I'm trying to extract information out of a table that is inside of a pdf file. The table(found on page 32 of https://iservice.lombardini.it/documents/ProdCateg/1411/ED0053029340_MO_KDW_702_1003_1404.pdf) looks like this:
I've been using tabula-py and python-tabulate to extract the tables, and I am able to extract information from cells that have some sort of characters in them. For example, if I were to run to run the following code sample: `
import tabula, tabulate, requests
from io import BytesIO, StringIO
response = requests.get("https://iservice.lombardini.it/documents/ProdCateg/1411/ED0053029340_MO_KDW_702_1003_1404.pdf")
pdf_data = BytesIO(response.content)
df = tabula.read_pdf(pdf_data, pages=32)
print(tabulate.tabulate(df, tablefmt="psql"))

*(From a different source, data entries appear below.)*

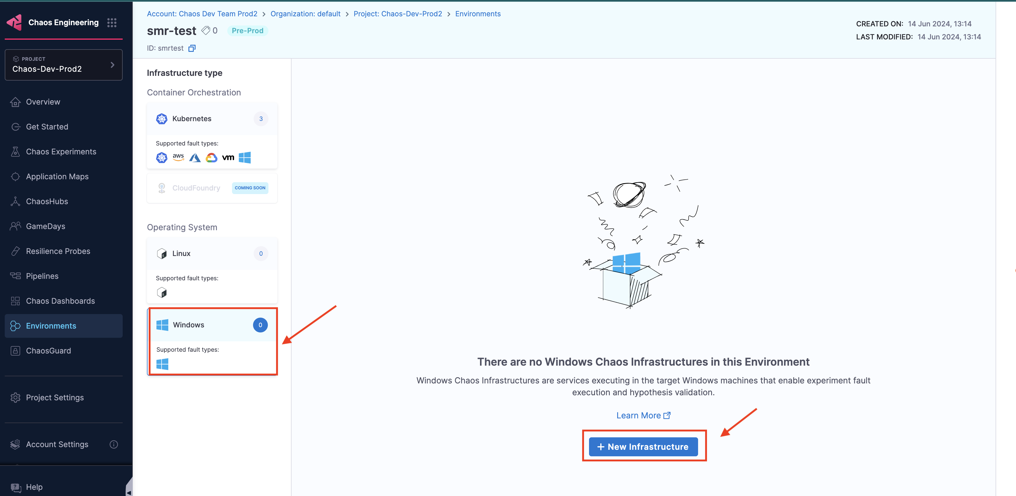 1. Select the Infrastructure Type as Windows and click New Infrastructure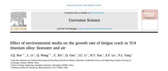 相关结果以题为“Effect of environmental media on the growth rate of fatigue crack in TC4 titanium alloy: Seawater and air”发表在金属材料腐蚀领域TOP期刊《Corrosion Science》上(中科院一区,文章链接:https://doi.org/10.1016/j.corsci.2024.111941)。js33333金沙线路检测省部共建有色金属先进加工与再利用国家重点实验室和js33333金沙线路检测作为第一完成单位;任军强副研究员为第一作者,黄淮公司王启副教授为共同通讯作者。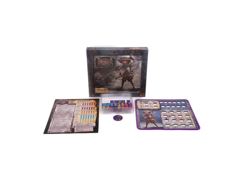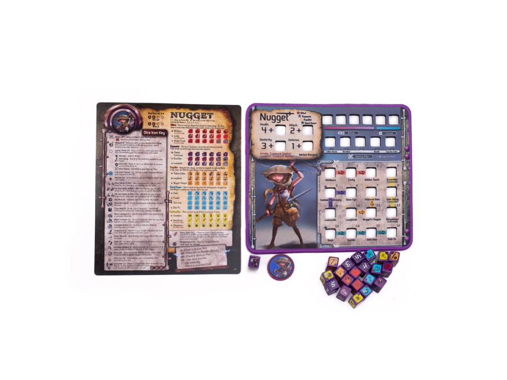 Nugget’s ability to switch between melee and ranged combat makes her a versatile choice for any adventure. She’ll propel your Gearlocs to victory using the classic Gearloc accoutrement—character mat, Gearloc chip, skill dice, stat dice, and initiative die. Nugget is a lucky choice to have on your team because she’ll keep you loaded up with loot while she dashes and tumbles out of the way.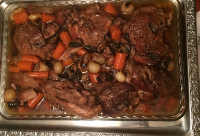 Fotoğrafını gördüğünüz,Sarhoş hindi yemeği kalabalık bir sofra için haxırlandı. Üç hindi butundan altı parça çıktı ve bu miktar yaklaşık on kişiyi doyurdu.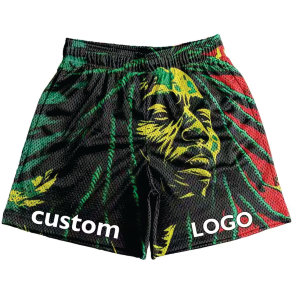 Pantalones cortos informales de malla cómodos de alta calidad con diseño de impresión creativa personalizada para hombre
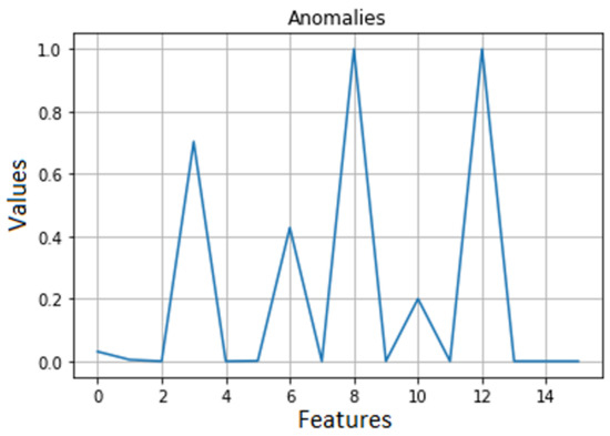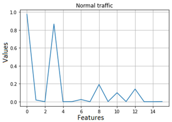 It should be noted that the dataset used in the first experimental case contained a considerable percentage of values generated by anomalies compared to those generated by normal traffic. In the second case, the dataset was almost equally composed of normal traffic data and anomaly data. The difference between the normal values and those in the case of anomalies can be observed in Figure 4 and Figure 5.

` I would get this as a result: image. My issue is that the information I need from this table comes from the cells that are shaded in, and I'm finding that since the shaded in cells do not contain characters, tabula-py isn't able to extract anything from them. Based off of this: https://stackoverflow.com/a/72293700/16344960, I think that is happening due to tabula-py making assumptions about what information is apart of the table based on horizontal and vertical lines, but I'm not sure of much beyond that. I've also tried to extract these cells using PyPDF2 and pdfminer(to read the text) and have had no luck with them either.